Here's the info I got from the seller;
SCHWINN RARE BEACH CRUISER 

Any guesses?

Thanks,
Paulie


----------



## hzqw2l (Jun 12, 2010)

Mid to late 50's Hornet. Looks like a 1956-57 with the Middleweight rims/tires.

Nice project start.


----------



## Pauliemon (Jun 12, 2010)

Thanks. That's about what I was thinking. I also got the truss rods, pedals, and fender hardware. I don't see a saddle, seatpost, or front fender. Seller hasn't responed to my questions yet.


----------



## DonChristie (Jun 14, 2010)

Tank and Guard - bonus!


----------



## PCHiggin (Jun 15, 2010)

I have the matching girls from '56. I'd like to have yours,if you decide to pass on the project. Thanks.

Pat


----------



## Pauliemon (Jun 17, 2010)

U89556 1956. Spot on hzgw21. The bike wasn't packed real good and the tank got some scratches from rubbing the front wheel.

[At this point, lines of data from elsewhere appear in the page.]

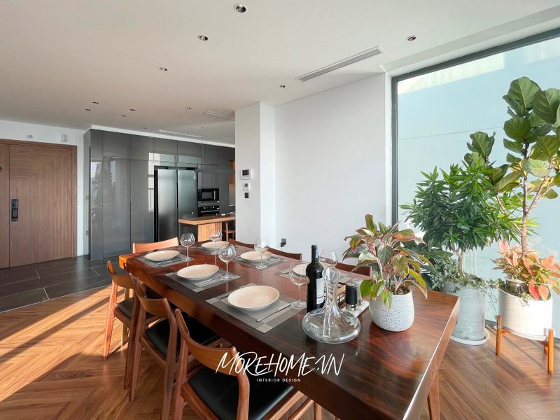 Morehome có kinh nghiệm thi công các công trình nội thất phòng ăn chung cư tại Hà Nội. Nếu bạn có nhu cầu thi công trọn gói nội thất chung cư ở Hà Nội, hãy liên hệ Morehome để được tư vấn và có báo giá tốt nhất.
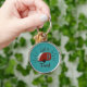 The retro design on this key chain is reminiscent of the print advertisements from the 50’s and early 60’s with a teardrop camper in vintage red and silver and the phrase “Let’s travel!” From my original digitally created image.
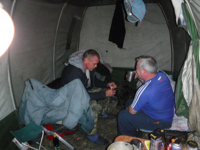 Поставили около сорока закидушек на протяжении 6 км по реке. В качестве живца - мелкий карасик и большой белый червь-ручейник. Груз - обычный камень голыш на верёвке, от груза через метр-полтора поводок с живцом. Заводили на лодке в тихих и относительно глубоких местах вечером и дважды проверяли ночью, завозя лодку вверх по реке. Привязывались в основном к кустам на берегу, либо за крупный камень. Взяли две щуки на 3 и 4 кг, с десяток небольших ленков. Начал шевелиться налим, охота в общем-то планировалась на него, но попался с пяток, тоже небольшеньких.

Kind of a bummer since the seller is hitting me up for a additional $45 for shipping. $120 for shipping from Washington to Calif is a little steep.


----------



## Pauliemon (Jun 17, 2010)

I will keep that in mind Pat. But I've been selling off other projects so I can keep this one. That is a sweet 56 Hornet you have there.


----------



## partsguy (Jun 18, 2010)

Sounds like you bid before you knew what it was. Did you?


----------



## PCHiggin (Jun 18, 2010)

Pauliemon said:


> I will keep that in mind Pat. But I've been selling off other projects so I can keep this one. That is a sweet 56 Hornet you have there.

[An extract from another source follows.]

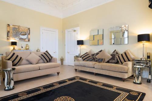 Welcome to the Sheer Luxe Apartment at Marks @ The Manor! Spacious Apartments: Our very large private apartments are exquisitely designed and fully furnished. Whether you’re a solo traveller, a couple, a family, or a business professional, we have the perfect space for you. Indulge in opulence at our exquisite “Sheer Luxe” apartment, nestled within a former manor house adorned with timeless period features. This spacious beautiful apartment is entirely furnished with homeware and furniture from Marks & Spencer the UK's leading quality retailer. Here’s why this space is your ultimate retreat: Elegant Living Spaces Stunning Views: Four beautiful 7-foot windows frame vistas of the tranquil River Dee. This was once the manor’s grand drawing room, now transformed into your private oasis. Classic Styling: The very large living room exudes sophistication with its gold and black décor. Sink into our M&S sofas, one of which doubles as a sofa bed (available upon request for a supplement) Dining Delight: Gather around the dining table for four, where memorable meals unfold against the riverside backdrop. Luxurious Amenities King-Size Comfort: Retreat to the separate bedroom, featuring a King-size M&S Luxury Bed enveloped in sumptuous M&S linens. Pampering Bathroom: Choose between a relaxing bath or an invigorating shower. Heated flooring and complimentary toiletries complete the experience. Gourmet Kitchen: Siemens appliances, an induction hob, steam oven, and inbuilt coffee maker await your culinary adventures. The plate warming drawer adds a touch of convenience. Smart Living: Adjust mood lighting and temperature effortlessly. Stream your favourite shows on the 55” LED TV with Sky TV and access to streaming services on your Bose sound system. Convenience and Tranquillity Private Entrance: Your exclusive entrance ensures privacy. River Views: Let the gentle flow of the River Dee soothe your senses. Private Parking: Park right at your doorstep. Flexible Accommodation Luxury Sofa Bed: Need extra space? Request our luxury double sofa bed for a supplement. Book your stay at the Sheer Luxe Apartment and experience Aberdeen’s finest.

 Thanks for the kudos,too bad about the damage to yours. It's still a real gem, a few scratches just give more character,LOL!

Pat


----------



## Pauliemon (Jun 19, 2010)

Kind of. I knew it was a 50 something Schwinn with what looked like mostly original parts.


----------



## Pauliemon (Jun 29, 2010)

Finally put the Hornet together so I could see what I'm dealing with. It's also the best way for me to not lose parts. My shop is a mess! The seller swapped out the original bars and grips for some cheap replacements. I contacted him and he said he would look around. I ain't holdin' my breath. One pic shows the scratches on a near perfect tank. Going to have to start looking for some bars, light, seatpost, and saddle.


----------



## spitfire (Jul 14, 2010)

Id bring up the damage suffered from improper packaging and ask if they would cut you a break on the extra shipping. Bet you got a good deal though.


----------